— Так вот, — бодро продолжила Франческа, — вы действительно возомнили себя Альционом, которому суждено спасти нас от демонических орд?
Никодимус покачал головой.
— В пророчестве говорится не о противостоянии людей и демонов и даже не о борьбе добра и зла. Его смысл в соперничестве двух представлений о том, как должен быть устроен язык.
— Хм-м. Насчет роняли в детстве я ошиблась, признаю. Чтобы так ушибиться головой, нужно было не просто свалиться с луны, а еще и с дуба по дороге рухнуть.
— Вы ведь слышали, что сказала Дейдре: Тайфон пытается лишить праязык ошибок. Демоны хотят изменить устройство жизни.
— А вы намерены упорядочить созданный демонами хаос? — вздохнула Франческа.
— Наоборот. Сейчас я орудие хаоса.

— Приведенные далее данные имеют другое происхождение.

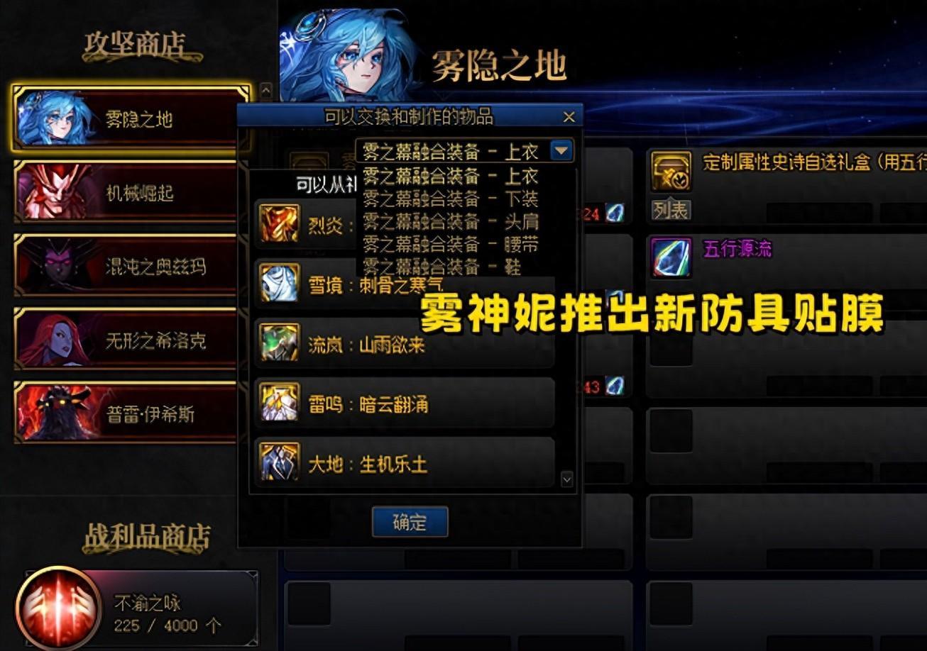 由於“霧神妮”帶來了全新更強的防具貼膜,所以防具的貼膜需要換成“烈炎5件套”或“大地5件套”;

Еще в детстве Тайфон украл мои способности к чарописанию и спрятал в арахестском изумруде. Так что теперь я Буревестник из антипророчества. И лишь заполучив изумруд, я стану орудием порядка! — с горящими глазами закончил Никодимус.
— Да-а-а, — медленно кивнула Франческа.
— Попробуйте, наколдуйте защищенное от ошибок заклинание на нуминусе. Не обязательно функциональное.
— Даже ученику под силу написать нефункциональное заклинание, которое не сможет разоружить и лорд-канцлер.
— Вы попробуйте.
Франческа создала в бицепсе несколько фраз на нуминусе, перекрутила между собой и сцепила все слова друг с другом. Никодимус окинул взглядом получившиеся бесполезные полфута отливающего золотом текста.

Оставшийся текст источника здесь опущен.